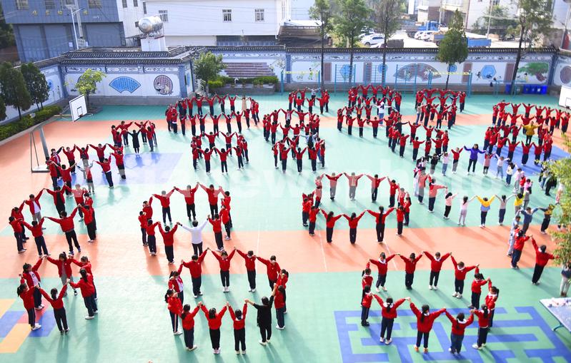 2022年10月20日,云南省大理州巍山县南诏镇鸡碧小学学生在大课间上进行彝族打歌活动。近年来,云南省大理白族自治州巍山彝族回族自治县全面贯彻落实国家教育“双减”政策,将彝族打歌、啦啦操等体育活动融入大课间,广泛开展书法、武术、乐器等兴趣爱好活动,通过开展丰富多彩的大课间,加强学生体育锻炼,丰富校园文化生活,让学生健康快乐成长。
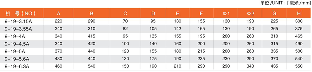 9-19 型高压离心式通风机可以广泛用于输送物料、空气及无腐蚀性不自燃、不含粘性物质的气体。输送的介质温度一般不超过 80℃,所以尘土及硬质颗粒不大于 150mg/m。
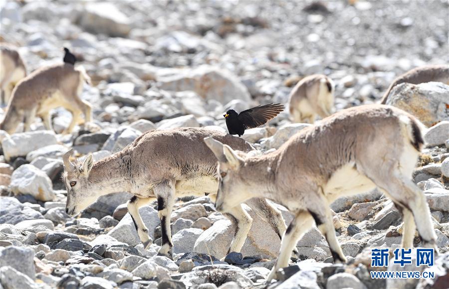 一群巖羊在珠峰大本營附近覓食(5月8日攝)。當日,一群巖羊在珠峰大本營周圍覓食,黃嘴山鴉飛到巖羊身上停留,構(gòu)成一幅幅生動有趣的雪域圖畫。新華社記者晉美多吉攝
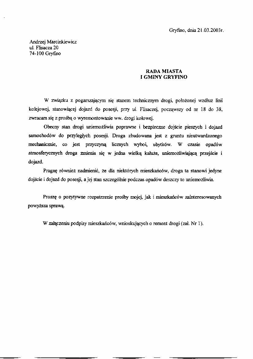 130/VII/03 - przy skrzyżowaniu ulic Władysława Reymonta oraz Jana Pawła II w Gryfinie na odcinku około 100 m jest bardzo zniszczona droga. Miejscami jest nieprzejezdna. Należy naprawić drogę.
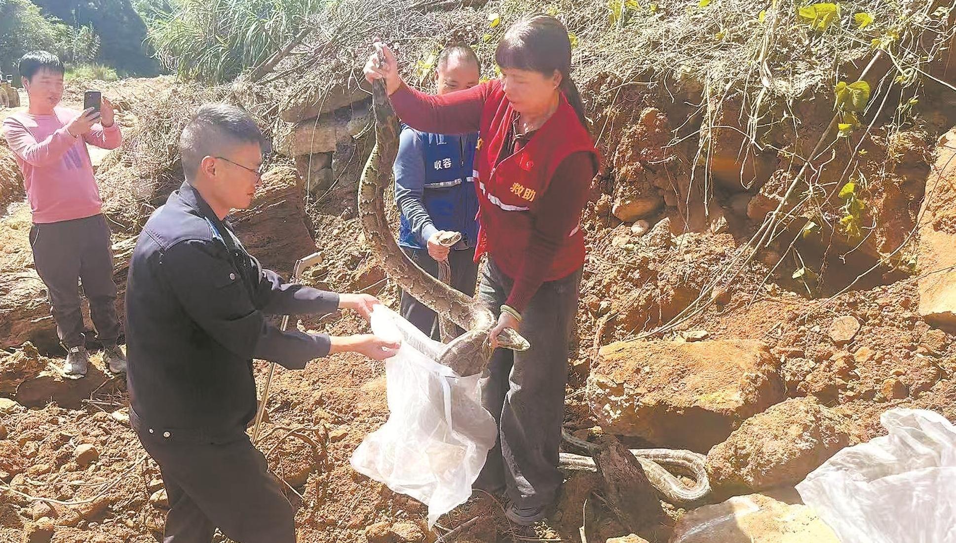 修河堤惊扰出3条大蟒蛇 均为本地物种 观察期结束后将放生
--------
• Work request: Having located the line with "130/VII/03 - przy", transcribe exactly and only the lines from it to the final line of the material, skipping the pictures.

• Solution to the problem:
 130/VII/03 - przy skrzyżowaniu ulic Władysława Reymonta oraz Jana Pawła II w Gryfinie na odcinku około 100 m jest bardzo zniszczona droga. Miejscami jest nieprzejezdna. Należy naprawić drogę.
 修河堤惊扰出3条大蟒蛇 均为本地物种 观察期结束后将放生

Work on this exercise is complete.